### Supplied data
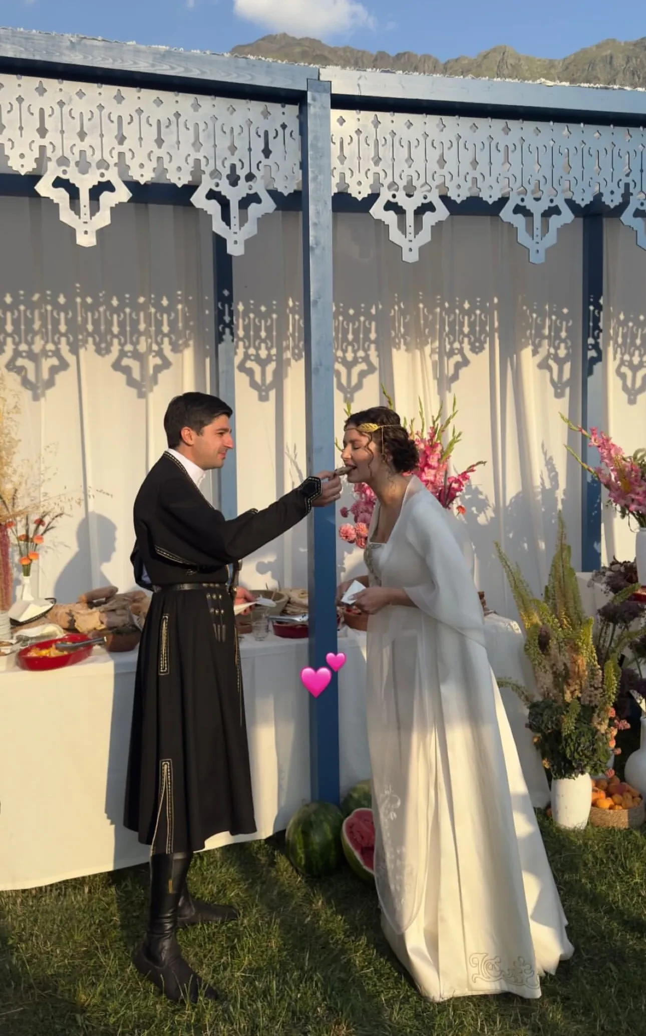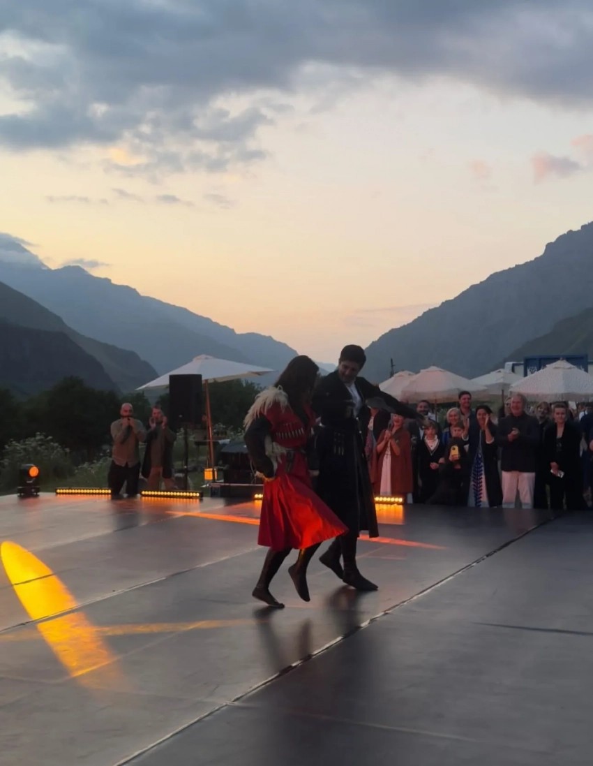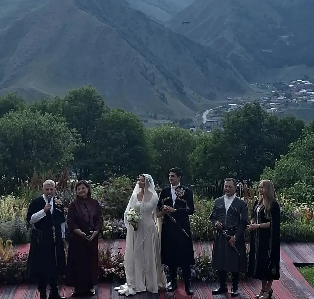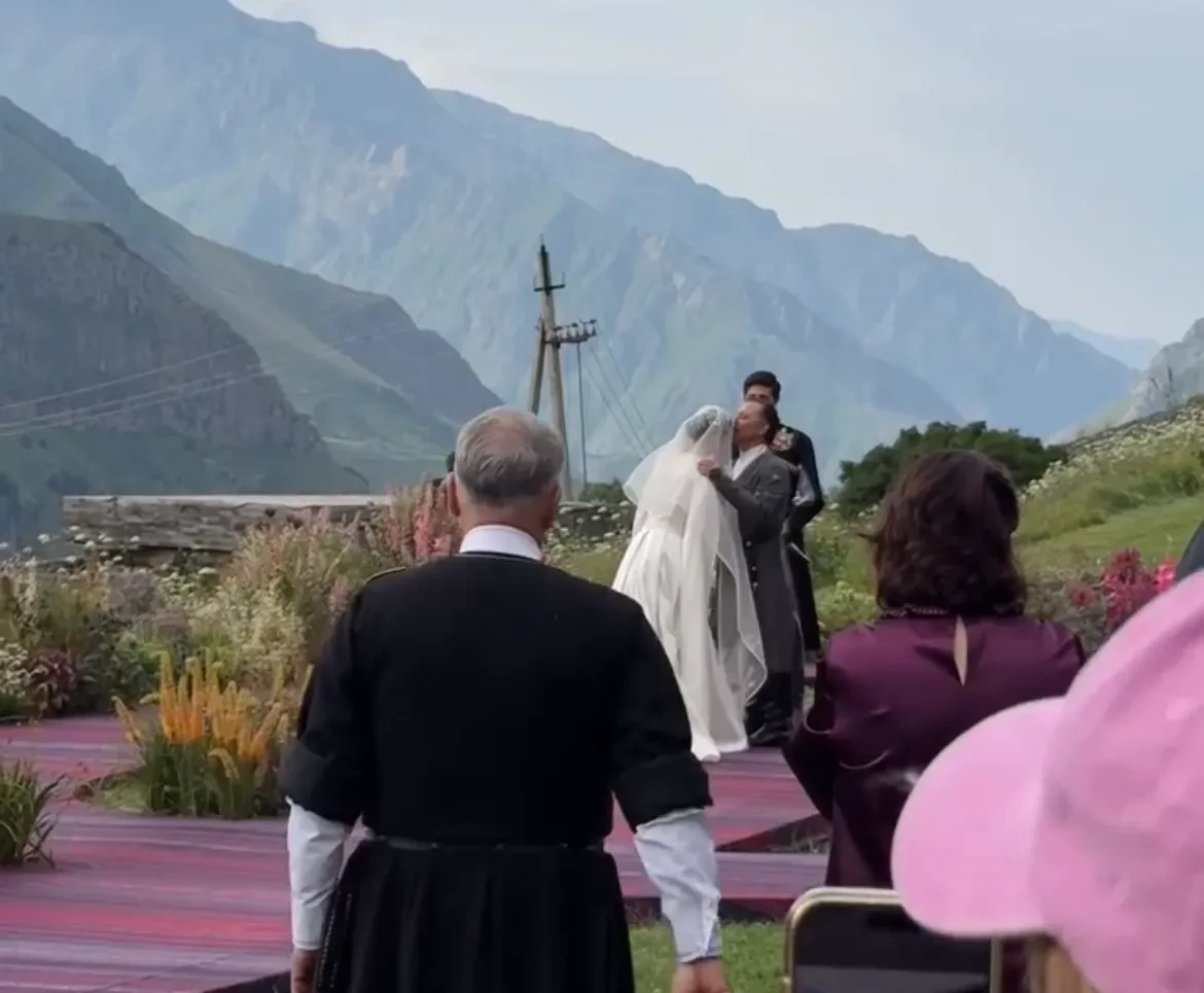 Традиционную грузинскую свадьбу отгуляли в отеле Rooms Kazbegi в Степанцминде, у подножья горы Казбек. Многочисленные родственники и друзья пары нарядились в национальные костюмы, наслаждались выступлениями местных артистов и народными танцами в исполнении жениха и невесты.
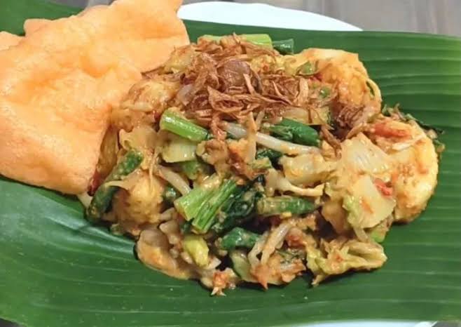 5. Tambahkan Pelengkap: Taburi lotek dengan bawang goreng dan sajikan bersama kerupuk udang atau emping melinjo.
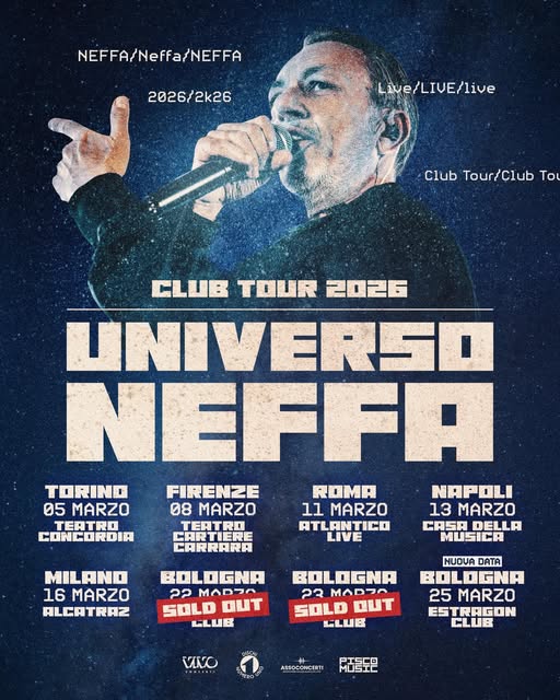 Dopo il recente concerto all’Unipol Forum di Milano, Neffa annuncia il Club Tour 2026 – Universo Neffa (Vivo Concerti), una serie di date nei principali club italiani previste per la prossima primavera.

### The problem
The listing above must be repeated exactly. Its pictures are not part of the copy.

### Result
 Традиционную грузинскую свадьбу отгуляли в отеле Rooms Kazbegi в Степанцминде, у подножья горы Казбек. Многочисленные родственники и друзья пары нарядились в национальные костюмы, наслаждались выступлениями местных артистов и народными танцами в исполнении жениха и невесты.
 5. Tambahkan Pelengkap: Taburi lotek dengan bawang goreng dan sajikan bersama kerupuk udang atau emping melinjo.
 Dopo il recente concerto all’Unipol Forum di Milano, Neffa annuncia il Club Tour 2026 – Universo Neffa (Vivo Concerti), una serie di date nei principali club italiani previste per la prossima primavera.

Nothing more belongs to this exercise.